Data records -

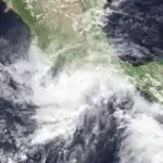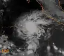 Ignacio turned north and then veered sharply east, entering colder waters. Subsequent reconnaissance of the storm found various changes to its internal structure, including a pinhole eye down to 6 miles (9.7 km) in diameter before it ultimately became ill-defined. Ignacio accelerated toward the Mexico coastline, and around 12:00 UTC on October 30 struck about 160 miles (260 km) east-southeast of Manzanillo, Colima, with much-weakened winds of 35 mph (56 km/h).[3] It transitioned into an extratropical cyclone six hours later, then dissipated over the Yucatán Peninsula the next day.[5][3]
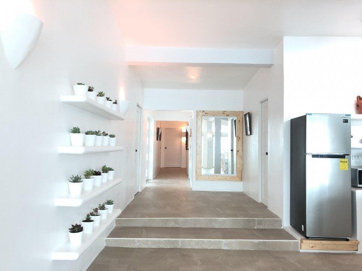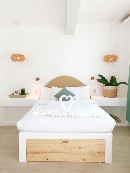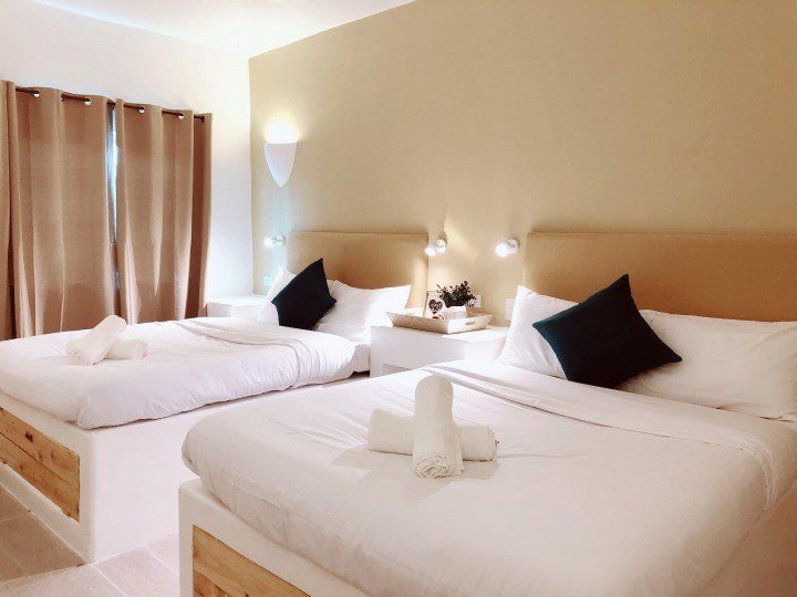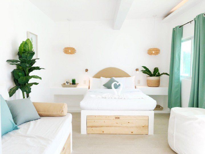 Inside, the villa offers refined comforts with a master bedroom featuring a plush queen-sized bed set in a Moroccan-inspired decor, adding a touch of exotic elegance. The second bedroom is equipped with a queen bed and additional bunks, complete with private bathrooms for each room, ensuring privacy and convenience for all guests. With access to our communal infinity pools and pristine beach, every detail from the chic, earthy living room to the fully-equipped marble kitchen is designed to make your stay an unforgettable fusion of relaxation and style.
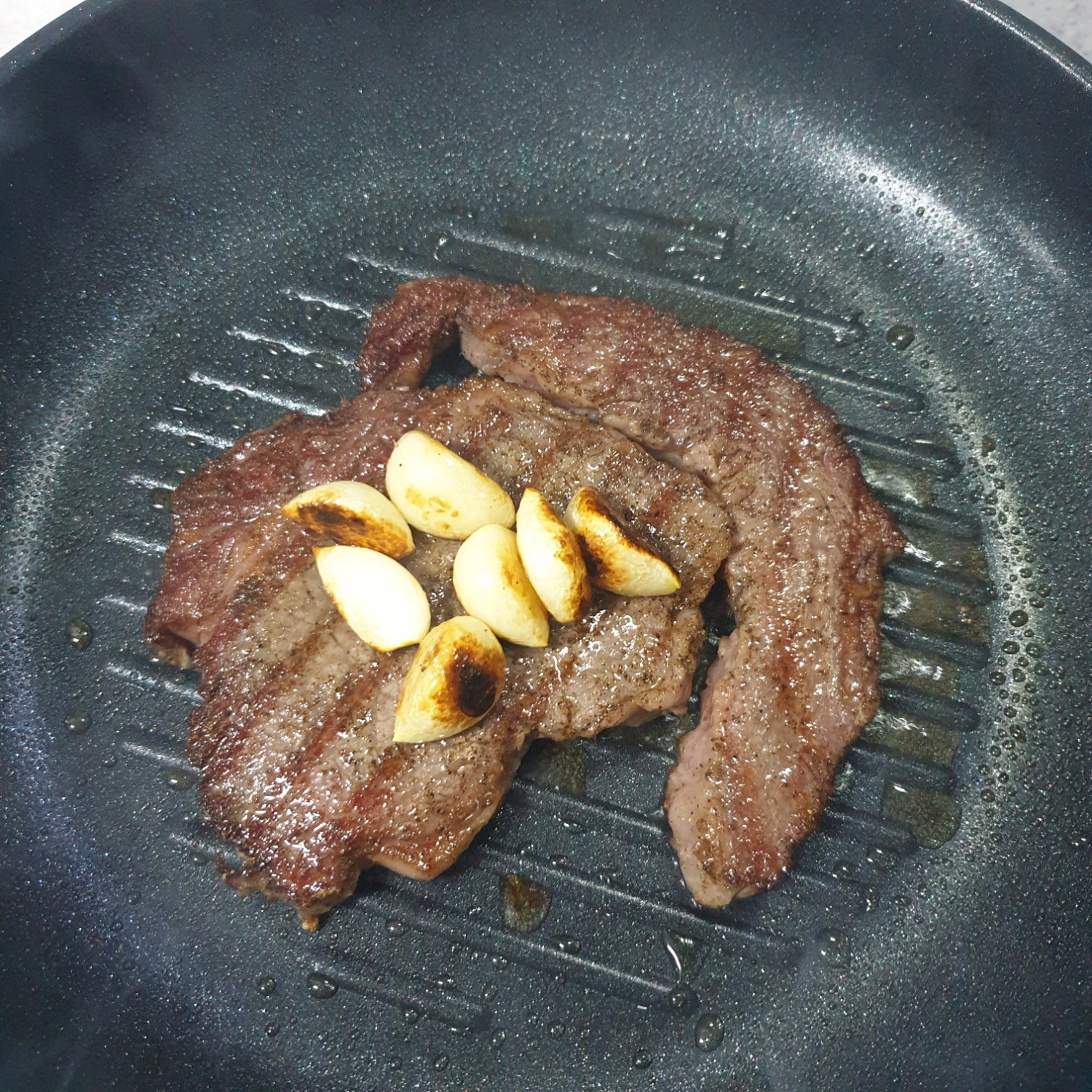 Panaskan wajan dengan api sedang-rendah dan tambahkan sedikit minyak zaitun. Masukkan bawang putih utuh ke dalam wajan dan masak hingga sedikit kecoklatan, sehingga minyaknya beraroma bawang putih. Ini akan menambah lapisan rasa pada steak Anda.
* * *
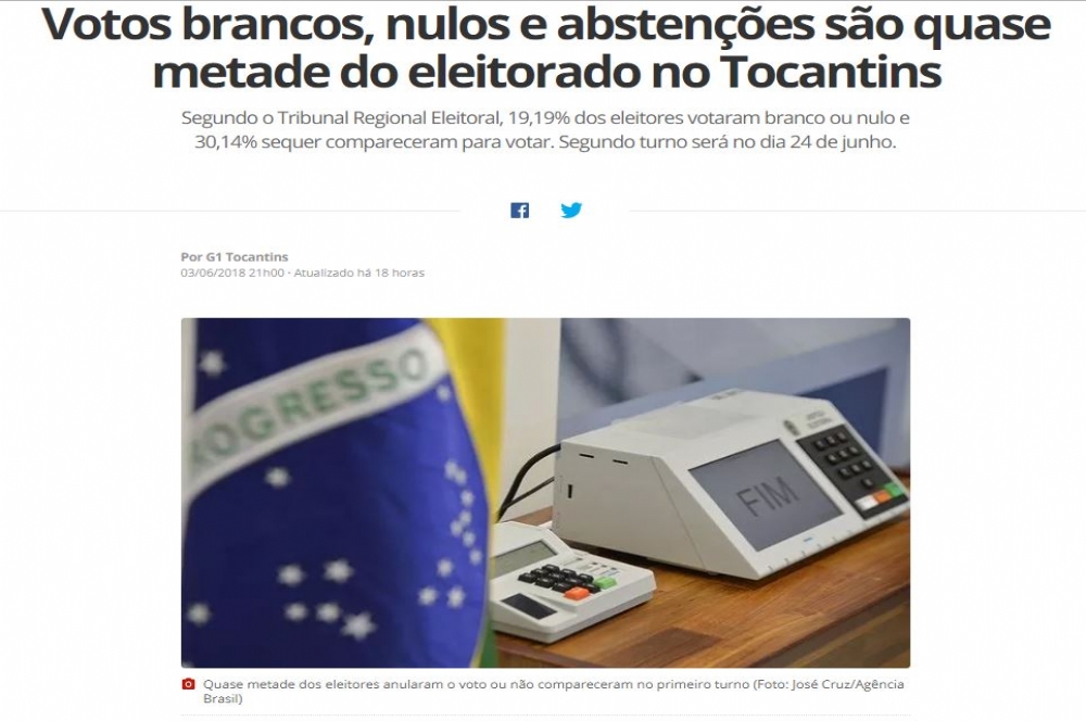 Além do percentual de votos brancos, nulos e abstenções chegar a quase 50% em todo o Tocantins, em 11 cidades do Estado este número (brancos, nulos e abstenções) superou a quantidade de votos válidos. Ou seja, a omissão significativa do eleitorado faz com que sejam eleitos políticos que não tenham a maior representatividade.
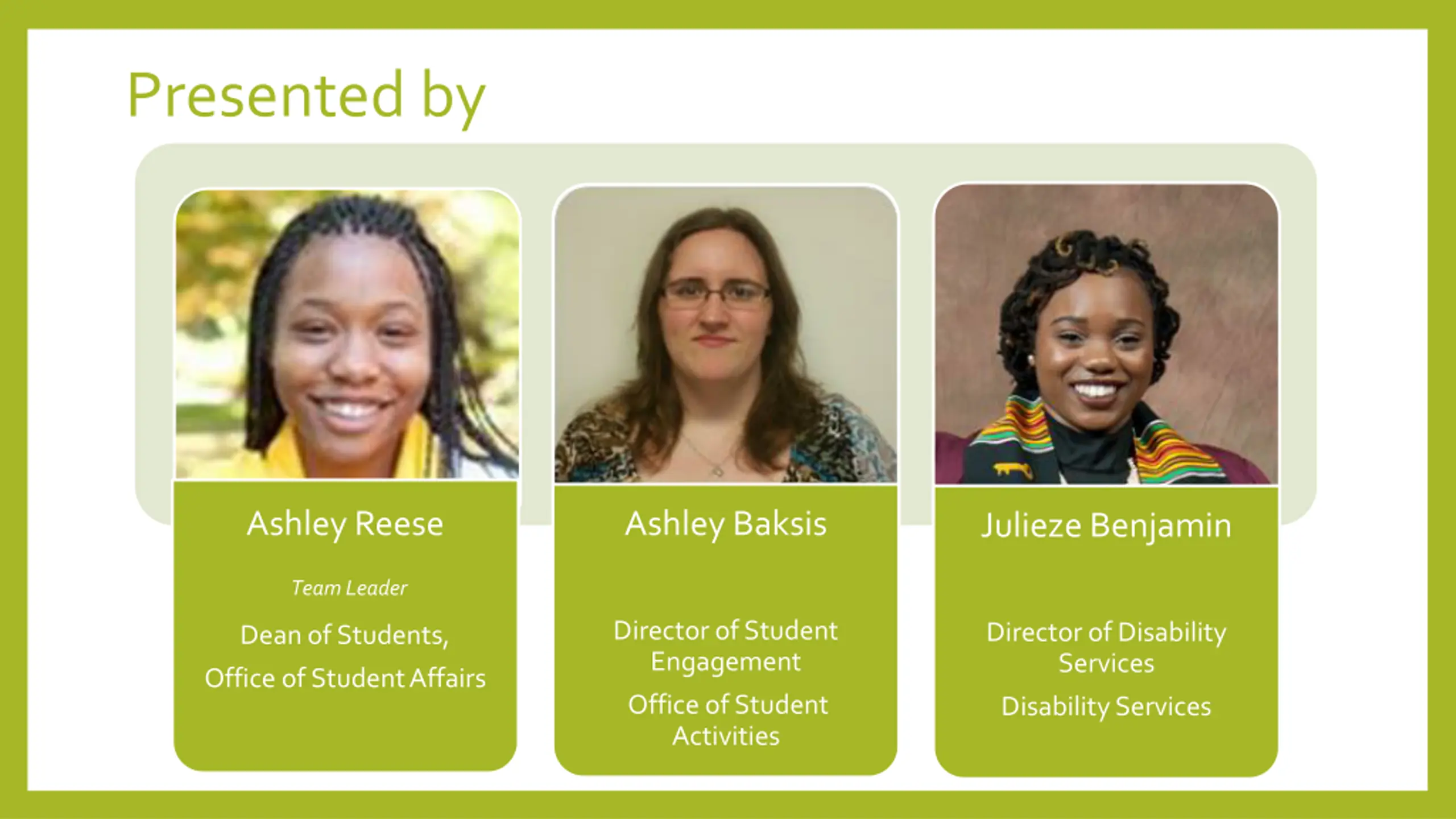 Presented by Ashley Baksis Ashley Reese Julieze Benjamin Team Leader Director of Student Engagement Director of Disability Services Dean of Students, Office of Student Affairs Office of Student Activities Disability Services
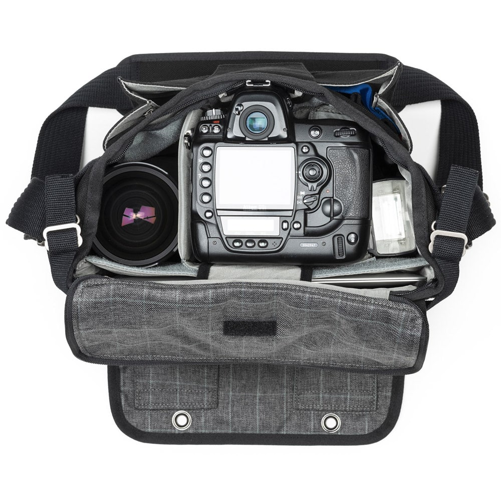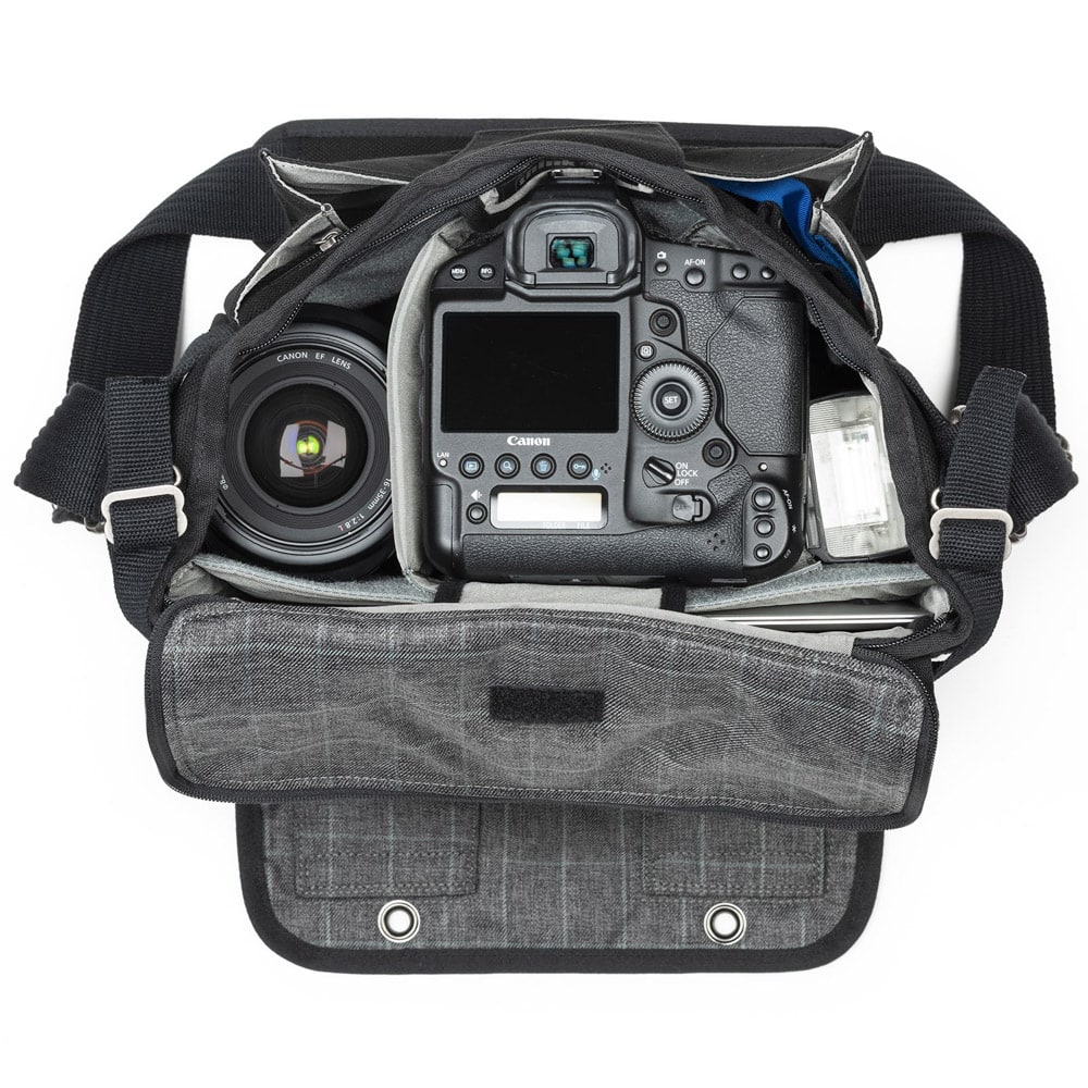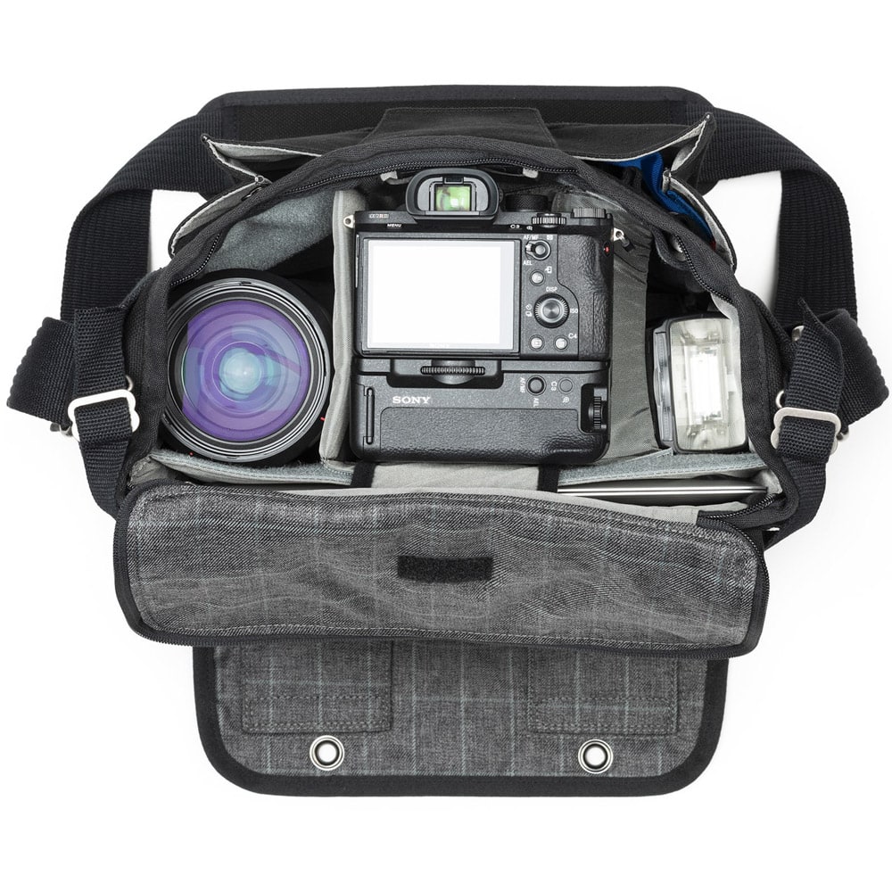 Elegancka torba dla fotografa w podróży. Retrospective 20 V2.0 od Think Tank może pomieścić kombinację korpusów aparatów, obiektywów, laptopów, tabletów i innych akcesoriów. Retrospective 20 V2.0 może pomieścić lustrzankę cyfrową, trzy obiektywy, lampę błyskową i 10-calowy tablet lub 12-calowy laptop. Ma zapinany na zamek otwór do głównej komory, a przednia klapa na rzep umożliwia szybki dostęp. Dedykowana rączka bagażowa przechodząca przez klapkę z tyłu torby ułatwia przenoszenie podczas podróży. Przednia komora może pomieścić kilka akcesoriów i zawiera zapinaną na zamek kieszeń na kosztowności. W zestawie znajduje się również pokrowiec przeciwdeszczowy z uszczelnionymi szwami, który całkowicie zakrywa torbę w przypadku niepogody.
* * *
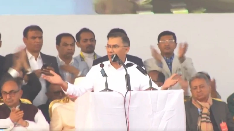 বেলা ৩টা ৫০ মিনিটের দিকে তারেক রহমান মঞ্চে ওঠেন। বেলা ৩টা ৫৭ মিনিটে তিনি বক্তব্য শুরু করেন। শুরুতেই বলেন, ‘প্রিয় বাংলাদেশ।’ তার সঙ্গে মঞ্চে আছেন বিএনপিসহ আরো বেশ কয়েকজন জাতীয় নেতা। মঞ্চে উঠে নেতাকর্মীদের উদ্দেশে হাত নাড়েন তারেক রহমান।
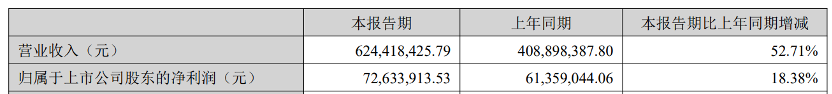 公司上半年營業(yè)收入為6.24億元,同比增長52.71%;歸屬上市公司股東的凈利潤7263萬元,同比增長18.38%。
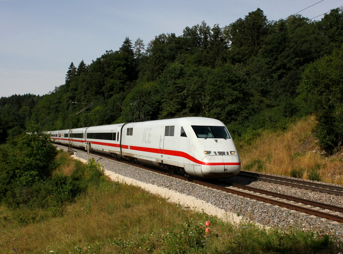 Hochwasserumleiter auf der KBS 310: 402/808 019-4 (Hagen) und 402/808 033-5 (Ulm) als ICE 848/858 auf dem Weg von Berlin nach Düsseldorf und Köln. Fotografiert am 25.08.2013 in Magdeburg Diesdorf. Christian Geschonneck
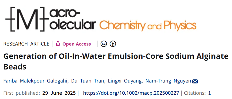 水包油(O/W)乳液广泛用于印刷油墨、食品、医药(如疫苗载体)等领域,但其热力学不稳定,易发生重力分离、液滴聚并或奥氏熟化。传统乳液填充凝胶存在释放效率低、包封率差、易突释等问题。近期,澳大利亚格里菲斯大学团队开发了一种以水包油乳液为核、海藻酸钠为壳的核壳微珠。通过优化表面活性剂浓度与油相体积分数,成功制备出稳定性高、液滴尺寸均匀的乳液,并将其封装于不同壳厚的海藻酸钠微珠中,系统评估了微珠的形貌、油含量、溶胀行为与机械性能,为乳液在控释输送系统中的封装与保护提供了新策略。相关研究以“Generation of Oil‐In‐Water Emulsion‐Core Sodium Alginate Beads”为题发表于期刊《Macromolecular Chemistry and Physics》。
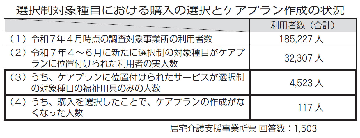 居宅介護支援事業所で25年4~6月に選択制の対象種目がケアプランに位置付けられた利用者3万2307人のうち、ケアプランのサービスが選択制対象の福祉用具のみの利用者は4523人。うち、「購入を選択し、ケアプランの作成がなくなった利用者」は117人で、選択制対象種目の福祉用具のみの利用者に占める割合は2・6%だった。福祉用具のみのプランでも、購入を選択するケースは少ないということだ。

Aim of the exercise - Exactly the lines above, from the one containing "Além do percentual" down to the one containing "Presented by Ashley", are to be repeated, including both ends. Pictures are not part of the copy.

Solution to this task -
 Além do percentual de votos brancos, nulos e abstenções chegar a quase 50% em todo o Tocantins, em 11 cidades do Estado este número (brancos, nulos e abstenções) superou a quantidade de votos válidos. Ou seja, a omissão significativa do eleitorado faz com que sejam eleitos políticos que não tenham a maior representatividade.
 Presented by Ashley Baksis Ashley Reese Julieze Benjamin Team Leader Director of Student Engagement Director of Disability Services Dean of Students, Office of Student Affairs Office of Student Activities Disability Services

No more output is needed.